What is expected → From the first line of the listing, copy each line exactly until you have included the line with "Hand-breaded catfish pieces"; leave out the pictures.

-.-.-

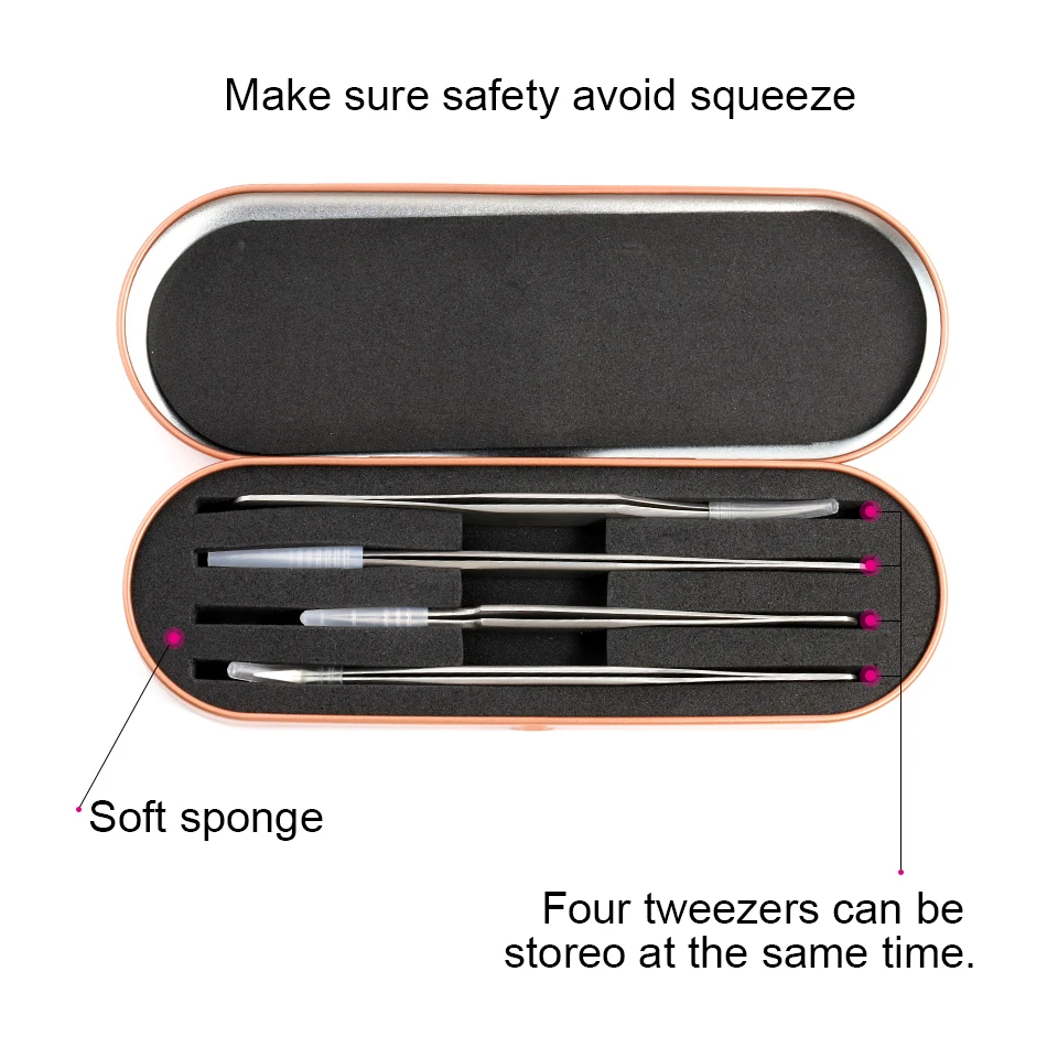 This tweezers box can store 4pcs tweezers one time, special slot design, can keeps the tweezers in order and no worry of shaking. Except for tweezers, it also can store eyelash brushes, scissors, eyebrow razors and so on.
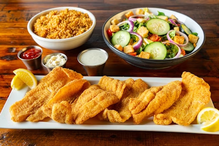 Hand-breaded catfish pieces and fried shrimp. Served with cocktail & tartar sauces
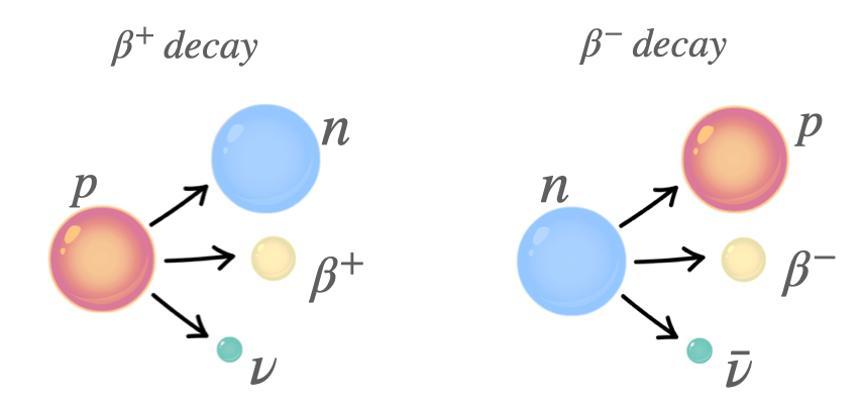 有一種弱相互作用叫做 β 衰變。什麼是 β 衰變?1896 年,德國物理學家貝克勒爾發現了鈾原子的放射性現象,92 號元素鈾能夠自發衰變成 82 號元素鉛。接着,盧瑟福和湯姆孫在一年後發現,鈾在衰變過程中會產生三種不同的放射線,準確地說,大自然中沒有線,所有的線都是由粒子組成的。你可能想問,他們怎麼知道是三種不同的粒子呢?這個原理其實很簡單,就是讓放射線通過一個磁場。然後他們就發現,在磁場中,放射線的偏轉方向會不同,根據異性相吸的原理,也就知道了鈾在衰變過程中,釋放出帶正電、負電和不帶電的三種粒子。他們就把帶正電的叫做 α 射線,帶負電的叫做 β 射線,不帶電的叫 γ 射線,那麼發出 β 射線的衰變過程就叫做 β 衰變。
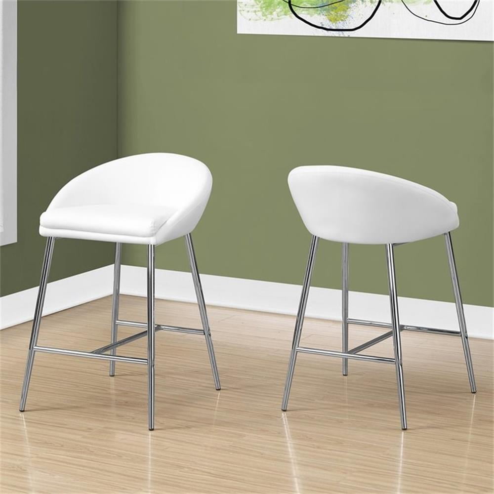 With simple lines and contemporary styling, this set of 2 counter height bar stools will transform your dining and entertainment area. The smooth and supple cushioned white leather-look seat with a low profile curved back gives a sleek modern look to a room. The sturdy chrome metal base with a convenient foot rest makes it easy and comfortable to hang around whether you are entertaining, jamming out a new tune with friends, or simply dining at the breakfast counter. This is the perfect seating for an open loft, condo, or small eat-in spaces. Features: Set of 2 counter height bar stools Upholstered in an easy to clean white leather-look fabric Sleek chrome metal legs with foot rest for stable support Modern design with thick cushioned low profile back Easy to assemble, no special tools required
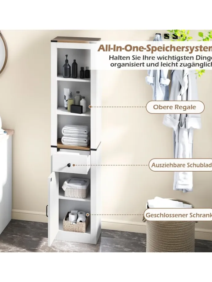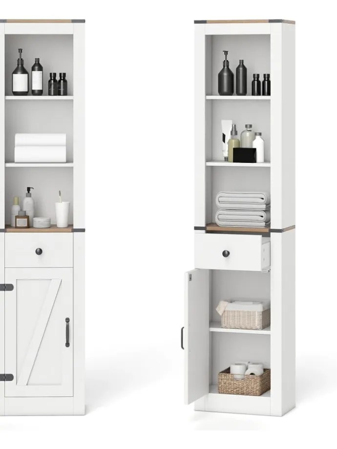 Optimieren Sie Ihre Badezimmeraufbewahrung mit diesem vielseitigen und sicheren Schrank. Die Kombination aus offenen Regalen, einer Schublade und einem geschlossenen Schrankfach sorgt für ordentliche und leicht zugängliche Aufbewahrung Ihrer Essentials. Ein verstellbares Regal mit drei Positionen passt sich flexibel an unterschiedliche Gegenstände an. Die stabile Konstruktion mit integriertem Kippschutz bietet langlebige Sicherheit. Das rustikale Design mit charakteristischer Scheunentür verleiht Ihrem Bad einen charmanten Landhausstil. Dieser elegante Hochschrank eignet sich nicht nur fürs Badezimmer, sondern auch ideal für Waschraum, Küche oder Wohnzimmer, um Stauraum auch in kleinen Räumen effektiv zu erweitern. Hochwertige Verarbeitung und durchdachte Details runden das Gesamtbild ab.
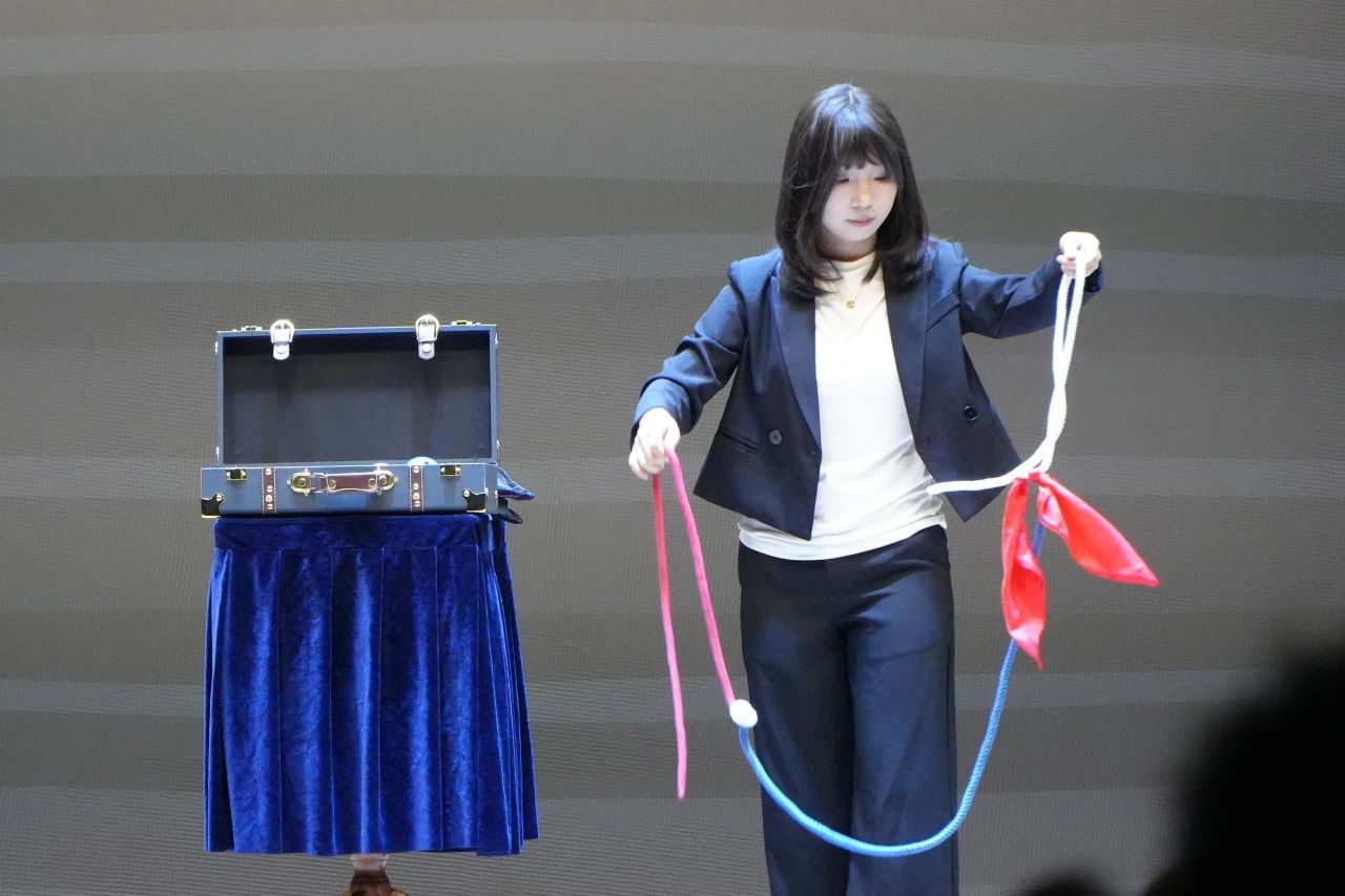 《绳舞结韵》以舞台绳索魔术的长短变化、数量增减以及不同颜色的绳索彼此之间纠缠交叉、分开又相连,超高难度的技巧让观众叹为观止;《侠客行》将中国扇文化与舞台魔术结合,扇面开合间暗藏玄机,古典意象与奇幻效果相得益彰;《银币幻境》展现经典硬币魔术,金属光泽在虚实空间中穿梭,塑造水中花、镜中月一般的优美感;《花漾浮影》则以花鸟为灵感,魔术师在指尖绽放的鲜花和七彩的泡沫,又使和平鸽翩跹书本间演绎了生命的奇幻诗篇。
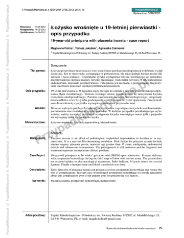 © PrzypadkiMedyczne.pl, e-ISSN 2084–2708, 2012; 20:75–79 Otrzymano: 15-05-2012 Akceptowano: 16-05-2012 Opublikowano: 14-06-2012 PrzypadkiMedyczne.pl Wydawnictwo COMVIDEO Łożysko wrośnięte u 19-letniej pierwiastki opis przypadku 19-year-old primipara with placenta increta - case report Magdalena Fiołna1 , Tomasz Jakubiak1 , Agnieszka Czarnecka1 1 Szpital Ginekologiczno-Położniczy im. Świętej Rodziny SPZOZ ul. Madalińskiego 25, 02-544 Warszawa, PL Streszczenie Tło, geneza: Łożysko przyrośnięte (placenta accreta) jest efektem patologicznej implantacji trofoblastu w głąb doczesnej. Jest to stan rzadko występujący w położnictwie, nie mniej jednak bardzo groźny dla zdrowia i życia rodzącej. Czynnikami ryzyka wystąpienia łożyska wrośniętego są: uprzednio przeprowadzone operacje macicy, łożysko przodujące, wiek matki powyżej 35 lat, uszkodzenie endometrium, mięśniaki podśluzówkowe. Patogeneza jest nieznana, a postępowanie diagnostyczne i lecznicze pozostaje istotnym problemem klinicznym. Opis przypadku: 19-letnia pierwiastka w 36 tygodniu ciąży przyjęta do szpitala z powodu przedwczesnego odpływania płynu owodniowego. Podczas trzeciego okresu porodu doszło do zatrzymania łożyska i krwotoku okołoporodowego. Pomimo zastosowania leczenia farmakologicznego, tamponady balonem Bakri, szwu B-Lyncha, podwiązania tętnic, krwotok nie został opanowany. Przeprowadzono histerektomię a pacjentka wymagała przetoczenia preparatów krwi. Wnioski: Wczesne wykrycie patologii łożyskowej może zapobiec zagrażającemu życiu krwotokowi okołoporodowemu oraz zredukować ryzyko powikłań. W każdym przypadku przedłużającego się krwotoku, należy rozważyć możliwość wystąpienia łożyska wrośniętego nawet jeśli u pacjentki nie występują żadne z czynników ryzyka. Słowa kluczowe: Łożysko wrośnięte, krwotok poporodowy, histerektomia Abstract Background: Placenta accreta is an effect of pathological trophoblast implantation in decidua or in myometrium. It is a rare but life-threatening condition. Risk factors for placenta accreta include uterine surgery, placenta previa, maternal age greater than 35 years, multiparity, endometrial defects and submucous leiomyomata. The pathogenesis is still unknown and the diagnosis and treatment represent an important clinical problem. Case Report: 19-year-old primipara at 36 weeks’ gestation with PROM upon admission. Preterm delivery with postpartum hemorrhage during the third stage of labor with uterine atony. The patient does not respond neither to pharmacological treatments, Bakri balloon, B-Lynch suture nor arterial ligature. Finally a hysterectomy and blood transfusion was done. Conclusions: Early detection of placenta increta can prevent a serious postpartum hemorrhage and reduce the risk of complications. In every case of prolonged postpartum hemorrhage we should remember about this complication even if our patient does not present the risk factors. key words: Adres pocztowy: Placenta accreta, postpartum hemorrhage, hysterectomy Szpital Ginekologiczno - Położniczy im. Świętej Rodziny SPZOZ ul. Madalińskiego 25, 02-544 Warszawa, PL; e-mail: magda.fi[email protected] 19-year-old primipara with placenta increta - case report 75 Magdalena Fiołna, Tomasz Jakubiak, Agnieszka Czarnecka Tło Opis przypadku Łożysko przyrośnięte (placenta accreta) jest efektem patologicznej i nadmiernej implantacji trofoblastu w głąb doczesnej lub w mięsień macicy. W zależności od głębokości penetracji kosmków łożyska do tkanek matczynych wyróżnia się kilka podtypów tej patologii: 19-letnia pierworódka w 36 tygodniu ciąży przyjęta została do Szpitala im. Świętej Rodziny z powodu przedwczesnego pęknięcia błon płodowych oraz odpływania płynu owodniowego. Przebieg ciąży powikłany toksoplazmozą leczoną rowamycyną - bez kontroli parametrów IgG i IgM. Pacjentka nie podlegała opiece przedciążowej. Liczba wizyt kontrolnych w ciąży - 7. W II i III trymestrze ciąży stwierdzono niedokrwistość i podawano Tardyferon. W badaniu ultrasonograficznym w II i III trymestrze ciąży bez odchyleń od stanu prawidłowego. W trakcie hospitalizacji wystąpiła własna, regularna czynność skurczowa macicy. Pacjentkę przyjęto na blok porodowy w stanie ogólnym dobrym. W badaniu kardiotokograficznym zarejestrowano prawidłową czynność serca płodu oraz czynność skurczową macicy co 2-3 min. W badaniu przezpochwowym: część pochwowa szyjki macicy długości 1 cm, rozwarcie 1cm, główka przyparta do wchodu, odpływał czysty płyn owodniowy. Odbył się poród przedwczesny siłami natury z nacięciem i szyciem krocza. Urodzono syna o masie 3260g, długości 51 cm ocenionego na 10 pkt w skali Apgar w 1, 5 i 10 minucie. Łożyska nie urodzono pomimo próby masażu macicy - zabieg Credego. Poproszono anestezjologa. Powtórzono zabieg Credego. W znieczuleniu ogólnym, dożylnym ręcznie wydobyto łożysko we fragmentach. Było ono mocno przytwierdzone do przedniej ściany macicy. Następnie wyłyżeczkowano jamę macicy. Pomimo przeprowadzonych działań nadal utrzymywało się wzmożone krwawienie. Zastosowano leczenie farmakologiczne (oksytocyna 10j, metergina 0,2mg iv, płyny dożylne oraz misoprostol 2 x 0,2mg pr). Zlecono także położenie lodu na brzuch pacjentki. Skontrolowano całość kanału rodnego. Założono szew hemostatyczny na pękniętą szyjkę macicy. Zeszyto nacięcie krocza. Ze względu na utrzymujące się krwawienie ponownie wyłyżeczkowano jamę macicy usuwając resztki łożyska oraz skrzepy krwi. Po raz kolejny skontrolowano całość kanału rodnego. Założono balon Bakri wypełniając go 360 ml NaCl 0,9%. Udało się zahamować krwawienie. Pacjentka w stanie ogólnym średnim, RR 110/70 mm Hg, HR 76/min. Po upływie ok 1,5 h w worku od balonu Bakri zaobserwowano 150 ml krwi. W pochwie pojawiła się żywoczerwona krew. Całkowitą utratę krwi oceniono na okoł
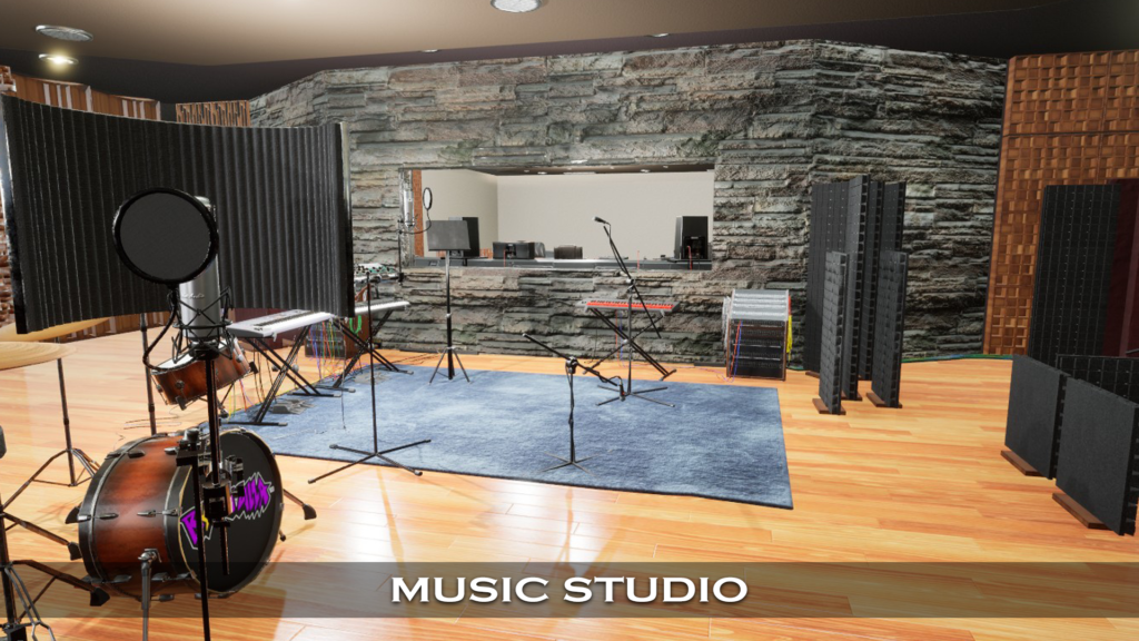 The Virtual Recording Studio 3D Environment transforms Zoom meetings into immersive, music-driven experiences. Clients appear inside a professional studio featuring mixing boards, acoustic panels, LED lighting, and customizable branded screens. Audio tracks, videos, and visuals are seamlessly integrated into the environment, allowing for real-time playback and dynamic presentations. Live producers handle camera angles, transitions, and media cues, ensuring a smooth, broadcast-quality experience without technical complexity. Ideal for music showcases, artist sessions, label meetings, and creative collaborations, this environment delivers a polished, engaging atmosphere that captures the energy of a real studio while elevating virtual communication and brand presence.
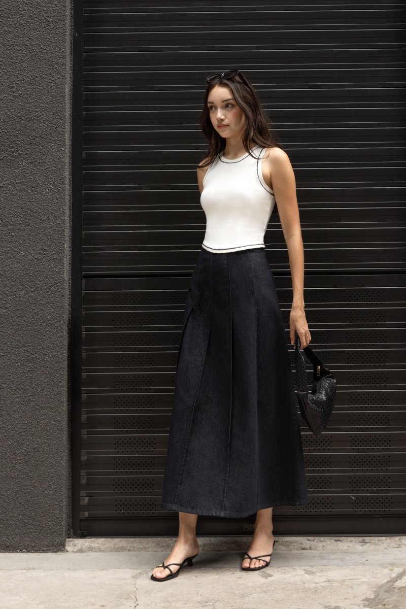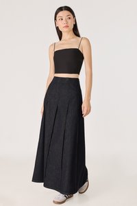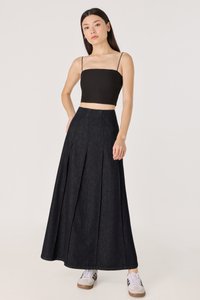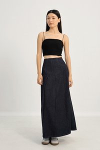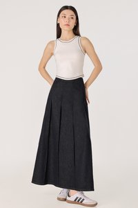 Flare into effortless elegance. Crafted from classic denim with panel detailing, this maxi skirt features a flattering A-line silhouette. It offers a smooth, structured fit without stretch, ensuring both durability and shape retention. Comes with a concealed back zipper for a seamless finish and easy wear.
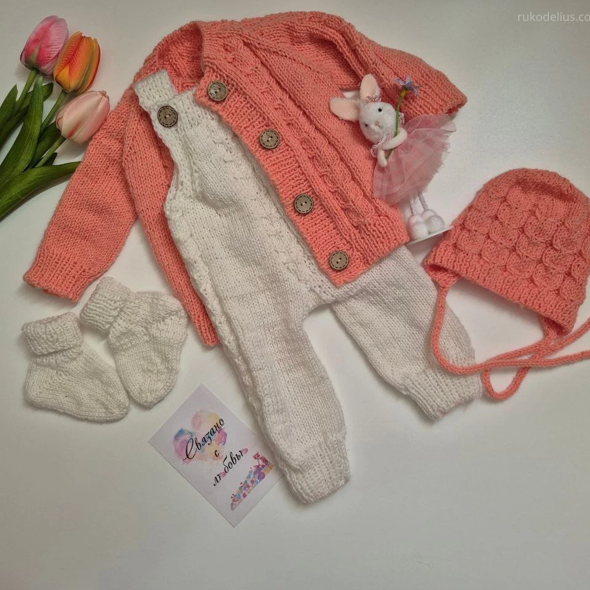 Нежный комплект для малыша в кораллово-сливочной гамме выглядит очень цельно и «магазинно»: кардиган с аккуратными косами и планкой на пуговицах, штанишки с мягкими манжетами, шапочка с рельефным узором и пинетки в тон. Полотно в целом ровное, убавки/прибавки визуально чистые, резинки держат форму. Палитра удачная — тёплый коралл красиво подчёркивает молочный оттенок. Есть ощущение продуманного набора «на выписку/подарок», а декоративные детали делают работу особенно уютной.

-.-.-

Answer box →
 This tweezers box can store 4pcs tweezers one time, special slot design, can keeps the tweezers in order and no worry of shaking. Except for tweezers, it also can store eyelash brushes, scissors, eyebrow razors and so on.
 Hand-breaded catfish pieces and fried shrimp. Served with cocktail & tartar sauces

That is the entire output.